Sean Pittock, MD, director for the Mayo Clinic Center for Multiple Sclerosis and Autoimmune Neurology

Sean Pittock, MD

In late March, the FDA approved ravulizumab (Ultomiris; Alexion), a terminal compliment C5 inhibitor, as a new treatment for patients with anti-aquaporin (AQP4) antibody-positive neuromyelitis optica spectrum disorder (NMOSD). With the decision, the therapy became the fourth approved for this patient population, joining eculizumab (Soliris; Alexion), inebiluzumab (Uplizna; Horizon Therapeutics), and satralizumab (Enspyrng; Genentech). The decision to approve the therapy was based on the phase 3 CHAMPION-NMOSD trial (NCT04201262), a double-blind trial in which ravulizumab-treated patients showed no relapses over a 58 week period.

About a month later, at the 2024 American Academy of Neurology (AAN) Annual Meeting, held April 13-18, in Denver, Colorado, new interim data from the open-label extension (OLE) of the study continued to highlight ravulizumab’s treatment effect. As of June 16, 2023, median follow-up was 138.4 weeks for ravulizumab (n – 58), with 153.9 patient-years.

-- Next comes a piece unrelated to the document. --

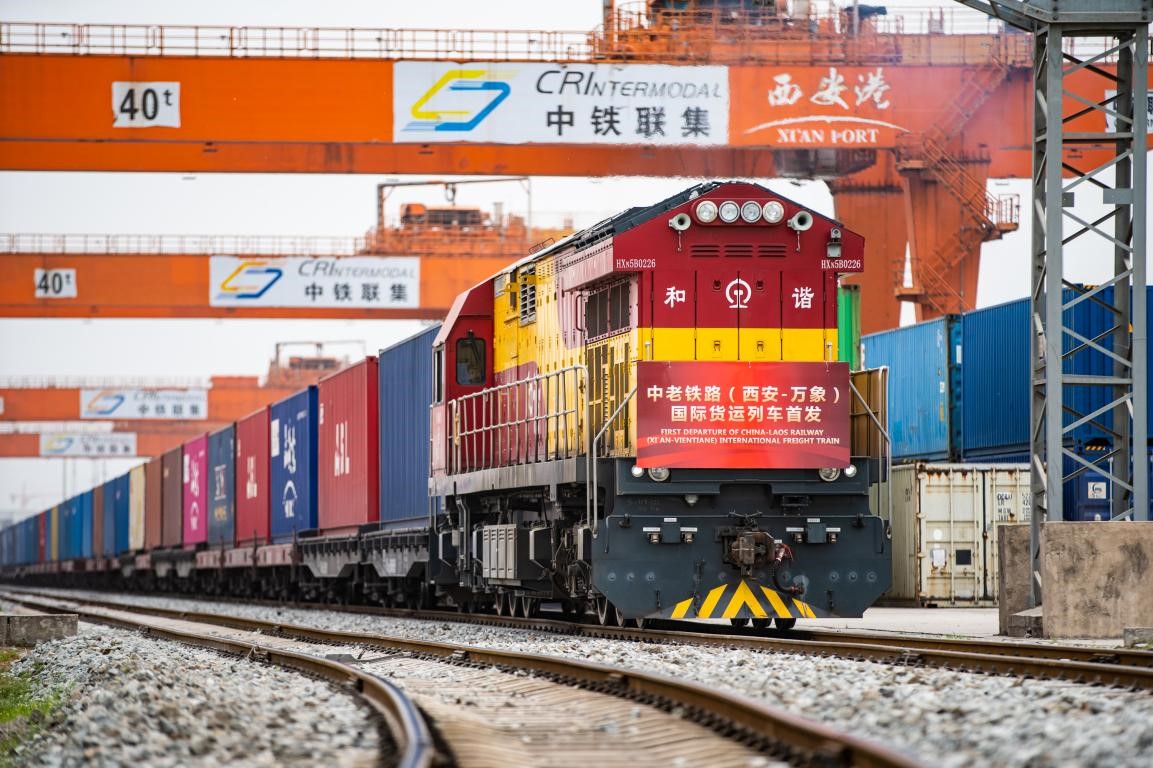 Xi'an, northwest China's Shaanxi province launches first freight train to Vientiane traveling via the China-Laos Railway, April 22, 2022. (People's Daily Online/Liu Xiang)

Across both the primary treatment period and OLE, no patients had an adjudicated on-trial relapse during ravulizumab treatment. Furthermore, 91.4% (53 of 58) of patients had stable or improved Hauser Ambulation Index score and 91.4% (53 of 58) of patients had no clinically important worsening in Expanded Disability Status Scale (EDSS) score.

At the meeting, lead investigator Sean Pittock, MD, director for the Mayo Clinic Center for Multiple Sclerosis and Autoimmune Neurology, sat down with NeurologyLive® to discuss the results in detail, outlining the long-term efficacy and safety of the agent. He spoke on how ravulizumab differs from other approved therapies for NMOSD and what it brings to the treatment toolbox for clinicians. In addition, he noted some of the small safety concerns, like meningococcal infections, and how to potentially mitigate them. Furthermore, he provided perspective on the next wave of drug development for NMOSD, considering there are now 4 approved therapies for the disease.

NeurologyLive: Provide a brief overview of the interim results from the open-label extension and how they match up with the double-blind period?

Sean Pittock, MD: it's very exciting times for patients with NMOSD. As you know, the CHAMPION-NMOSD trial was published in the Annals of Neurology just this year, and it was very impressive data. From the efficacy perspective, there were 58 patients that were enrolled in that trial who received ravulizumab for about a median of 73-74 weeks. The main outcome measure that we're interested in is whether patients were having clinical relapses. In NMOSD, we really want to prevent those relapses because we know that they are associated with increased disability.

The CHAMPIONS study was really a great success, we had zero relapses throughout the entire trial. We were very enthused [with that result]. Another thing to point out is that because we had such success with eculizumab, we didn't do a randomized control trial in this situation. As the comparator, we used the external comparator of the placebo group from the PREVENT trial, which was the previous eculizumab trial. So we saw zero attacks, equating to a 98.5% risk reduction, which is essentially as good as you get when it comes to attack prevention in NMOSD.

The interim, open label extension is just essentially watching those patients over an additional 70 patient years. Now, our median follow up was about 138 weeks, and the patients still are doing well. There is no clinical relapses, so we're very happy with that. That's been awesome to see.

With its recent approval, what does ravulizumab bring to the NMOSD treatment landscape?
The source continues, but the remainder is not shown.